Brisbane aims to double down on office growth
Brisbane’s office market was a surprise performer last year, with hopes the good news will roll on in 2016.
According to JLL Research statistics for the final quarter of 2015, the Brisbane CBD was one of the markets nationally to perform above expectations and recorded four successive quarters of positive net absorption.
JLL recorded net absorption in the Brisbane CBD of 11,300sqm in Q4 and a total of 26,600sqm throughout 2015.
The annual result was only 4700sqm below the 40-year average of 31,300sqm for net absorption in the Brisbane CBD.
JLL’s head of strategic research Australia, Andrew Ballantyne says tenants are taking up more space within their own buildings to accommodate predicted staff growth.
“While leasing volumes remain thin in Brisbane, a reduction in sub-lease availability from 3.28% of total stock in 2014 to 1.44% in 2015 provides tangible evidence that companies are willing to retain excess space in anticipation of modest headcount growth in the short-term,” Ballantyne says.
Brisbane CBD surprised on the upside with a sharp reduction in sub-lease availability over 2015
Brisbane’s results compare to national figures that showed positive net absorption of 26,700sqm during the quarter across CBD office markets and 296,900sqm over the past 12 months.
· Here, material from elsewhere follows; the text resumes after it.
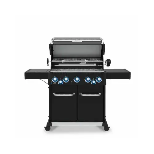 The Baron 590 Pro Shadow delivers power, versatility, and style for unforgettable backyard cookouts. With 780 sq. in. of total cooking space, including 570 sq. in. primary area and a stainless-steel warming rack, it is built to handle a crowd. Five stainless steel patented Dual-Tube burners deliver up to 45,000 BTU for even heat and precise control. The full coverage stainless steel Flav-R-Wave vaporizes drippings to maximize flavour, and reduce flare-ups. A 10,000 BTU side burner handles sides and sauces, while a 15,000 BTU rear rotisserie burner and kit enhances your grilling options. The stainless steel cooking grids provide superior heat retention, and the rust resistant cast aluminum cookbox offers lasting durability. The Shadow's sleek black styling is complemented by blue LED control knob lights for nighttime use. Includes a Limited Lifetime cookbox warranty and 15-year warranty on parts and paint, ensuring years of reliable performance.

Nationally the net absorption result for 2015 was about 100,000sqm higher than the 20-year average for CBD office markets.
But the availability of backfill space from tenant relocations to new development stock resulted in the national CBD office market vacancy rate increasing to 12% to 12.6% compared to the previous quarter.
“Employment growth was strongest in New South Wales and Victoria and this was reflected in above trend net absorption results for the Sydney and Melbourne CBDs in 2015,” Ballantyne says.
“However, the Brisbane CBD surprised on the upside with a sharp reduction in sub-lease availability over 2015.”
JLL’s head of office leasing Australia, Tim O’Connor says that while Sydney will continue to see an easing of leasing incentives, this would not necessarily be the case elsewhere.
“Vacancy pressures in Perth, Adelaide and Brisbane will require owners to commit capital expenditure to reposition assets to ensure that they remain relevant in competitive leasing markets,” O’Connor says.
Companies are willing to retain excess space in anticipation of modest headcount growth in the short-term
Office space currently on the market in Brisbane includes the entire Level 2, 21 Mary Street, which is located within the popular Queens Wharf precinct.
The 380sqm fully fitted office floor is being marketed by Savills for $1.595 million, with the current gross rent listed at $126,533 plus GST per annum.
Colliers International is also seeking offers to purchase the fully leased South Central Commercial building, located at 43 Peel St, South Brisbane, which boasts 2827sqm of net lettable area.
Located just 800m outside of the Brisbane CBD grid, the office and retail facility was developed by Forrester Properties in 2008 and has been owned and managed by them until now. It is listed with an annual net income of $1.404 million ex-GST.